The Calaveras River Watershed spans Sierra Nevada foothills, agricultural lands, and urban communities across Calaveras and San Joaquin counties, serving as a critical water resource for the region. As one of only five watersheds statewide selected by the California Department of Water Resources (DWR), the Calaveras River Watershed has completed a first-of-its-kind climate resilience plan that sets a new standard for integrated water resources planning in California.
Woodard & Curran led both the technical development of the plan and the associated outreach in partnership with Stockton East Water District and Calaveras County Water District, bringing together regional climate science, local hydrologic modeling, and extensive stakeholder engagement into a single, coordinated planning framework. The result is a technically defensible, community-informed plan designed for implementation.
The technical foundation of the plan centers on the Calaveras Watershed Resilience Plan Model, which integrates tools and datasets from DWR’s San Joaquin Watershed Studies with the locally developed Eastern San Joaquin Water Resources Model (ESJWRM), calibrated to watershed-specific conditions. Rather than relying on a single climate projection, the project team evaluated sixteen distinct climate scenarios spanning a range of temperature and precipitation futures, providing water managers with a comprehensive picture of how the watershed may respond under conditions ranging from moderate warming to more extreme climate futures.
The modeling framework assessed vulnerability across six interconnected risk categories: flood, water supply, groundwater basin conditions, wildfire, surface water quality, and the economy. Under the most probable climate scenario, the team found a 13 percent decline in surface water deliveries and an 8 percent increase in groundwater pumping demand, underscoring the urgency of proactive investment. Importantly, our analysis confirmed that coordinated adaptation strategies can offset these impacts based on modeled strategies capable of restoring groundwater basin conditions to near-current levels despite a 2°C warming scenario.
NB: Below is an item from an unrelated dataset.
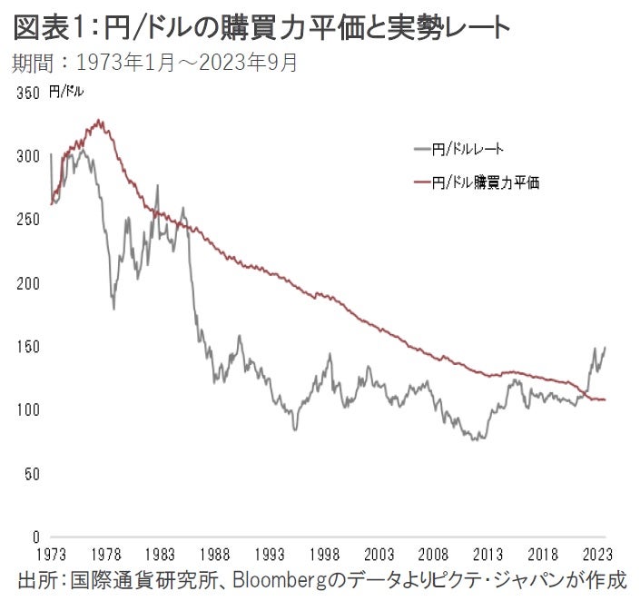 円のドルに対する購買力平価は概ね105~115円と推計されている(図表1)。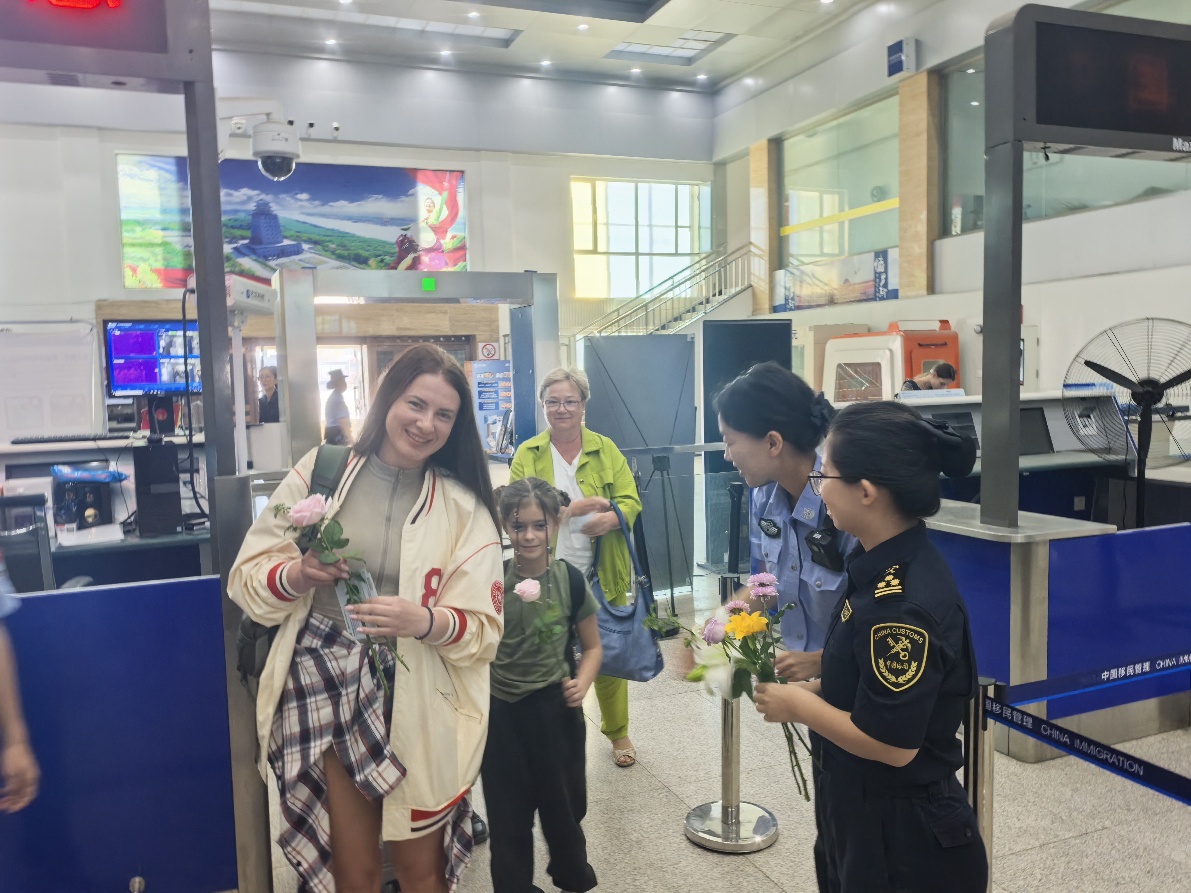 为保障政策顺利落地,珲春出入境边防检查站提前完善勤务预案,科学调配执勤警力,在口岸现场专门设置了免签人员专用通道;同时,选派俄语水平过硬的民警担任台外引导员,为俄罗斯旅客提供外语翻译、政策咨询、协助填写入境卡片等服务,全力确保旅客高效、顺畅通关。

What distinguishes this plan is not just its technical rigor, but how it was built. The Calaveras Watershed Network brought together water agencies, local governments, agricultural producers, tribal representatives, and community members throughout the planning process. We facilitated a sustained, inclusive engagement program that spanned public meetings, targeted conversations, workshops, and an online platform to ensure that the adaptation strategies reflect real operational priorities and community values. We intentionally designed the public outreach program to reduce barriers to participation, including making highly technical materials accessible to the general public. Through this engagement process, we were able incorporate local knowledge directly into our technical analysis.
With the plan developed, we are currently developing a summary booklet and interactive website to help community members visualize potential project results and implications.
The project team organized the plan’s adaptation strategies into implementation tiers, allowing near-term actions to advance with existing infrastructure while longer-term investments are planned and funded. The team recommended priority water management strategies that focus on managed aquifer recharge, expanded surface water deliveries, and forecast-informed reservoir operations (FIRO). The proposed Farmington Reservoir Project anchors the long-term strategy, and could provide up to 60,000 acre-feet of additional surface storage capacity that benefits 315,000 City of Stockton residents and 140,000 acres of agricultural land.
The plan also included wildfire risk reduction and land management strategies to address threats to upper watershed water quality and community safety. By implementing these strategies in the top 10 identified priority zones, there is an 18 percent reduction in burn probabilities and an 88 percent reduction in flame lengths. This indicates that, if wildfire mitigation strategies are implemented , both the likelihood of a wildfire occurring and the intensity of any fire that may occur is significantly lower.
Through delivery of the final Calaveras River Watershed Resilience Plan, Woodard & Curran was able to demonstrate that with the right combination of modeling innovation, stakeholder collaboration, and actionable strategy development, California watersheds can move from vulnerability assessment to implementation-ready plans. This effort provides valuable information to DWR as it looks to expand the Watershed Resilience Program statewide. Woodard & Curran is proud to support this work and looks forward to advancing similar integrated approaches in other watersheds across the state.